The preview release is available on Github, where you’ll also find a demo app that can be tried with a pre-build binary, but it’s probably more fun/useful to instead build it from source in Android Studio and try to change the code to experiment and learn. You can also build the complete framework and demo app from source by cloning the repo. TensorFlow Lite may also be coming to Linux soon, as one of the comment in the announcement mentions that “it should be pretty easy to build TensorFlow Lite on Raspberry PI. We plan to make sure this path works seamlessly soon“. While most of the documentation can be found on Github, some more info may be available on TensorFlow Lite page.

Google Pixel Visual Core is a Custom Designed Co-Processor for Smartphone Cameras

October 18th, 2017 1 comment

Google unveiled their latest Pixel 2 & Pixel 2 XL premium smartphones powered by Snapdragon 835 SoC earlier this month, and while they are expected to go on sale tomorrow, reviewers have got their hands on samples, and one of the key feature is the camera that takes really good photos and videos as reported here and there.

You’d think the ISP and DSP inside Snapdragon 835 SoC would handle any sort of processing required to take photos. But apparently that was not enough, as Google decided to design their own custom co-processor – called Pixel Visual Core -, and integrated it into Pixel 2 phones.
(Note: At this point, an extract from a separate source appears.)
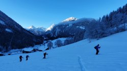 Bestehende Aufstiegsspuren etwas 'hackig' angelegt aber griffig zu gehen. Beim neu spuren immer mal wieder ein Wumm-Geräusch, ebenfalls in der Abfahrt.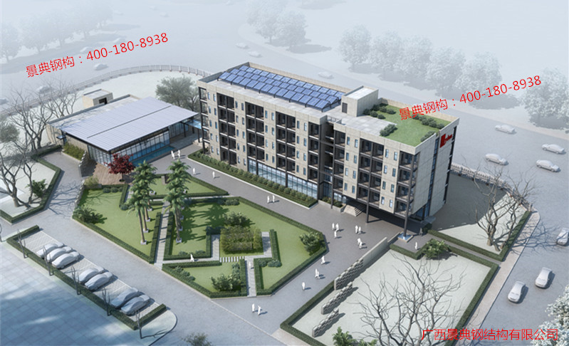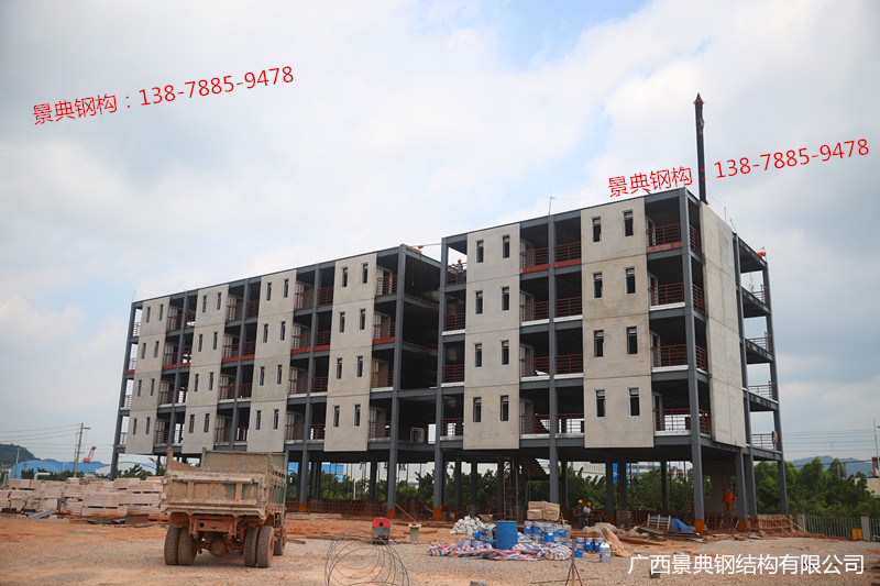 该项目位于广西南宁六景工业园区。项目所用预制混凝土、预制钢构件、整体卫浴均由广西景典装配建筑股份有限公司自主生产,由广西建筑科学研究院研发参建,是广西首家自产自营自建的装配式建筑示范项目。

The co-processor features a Cortex A53 core, an LPDDR4 memory interface, PCIe interface and MIPI CSI interface, as well as an image processing unit (IPU) IO block with 8 IPU cores. Google explains the IPU block will allow 3rd party applications to leverage features like low latency HDR+ photography, where the camera takes photos with different exposure very quickly, and “juxtapose” them to provide the best possible photo.

Each IPU core includes 512 arithmetic logic units (ALUs), and the IPU delivers more than 3 TOPS (trillion operations per second) on a mobile power budget. Pixel Visual Core allows HDR+ to run 5x faster using a tenth of energy required by running the algorithm on the application processor (AP). Programming is done using domain-specific languages: Halide for image processing and TensorFlow for machine learning, and a Google-made compiler optimizes the code for the hardware.

Pixel Visual Core will be accessible as a developer option in the developer preview of Android Oreo 8.1 (MR1), before being enabled for any apps using the Android Camera API.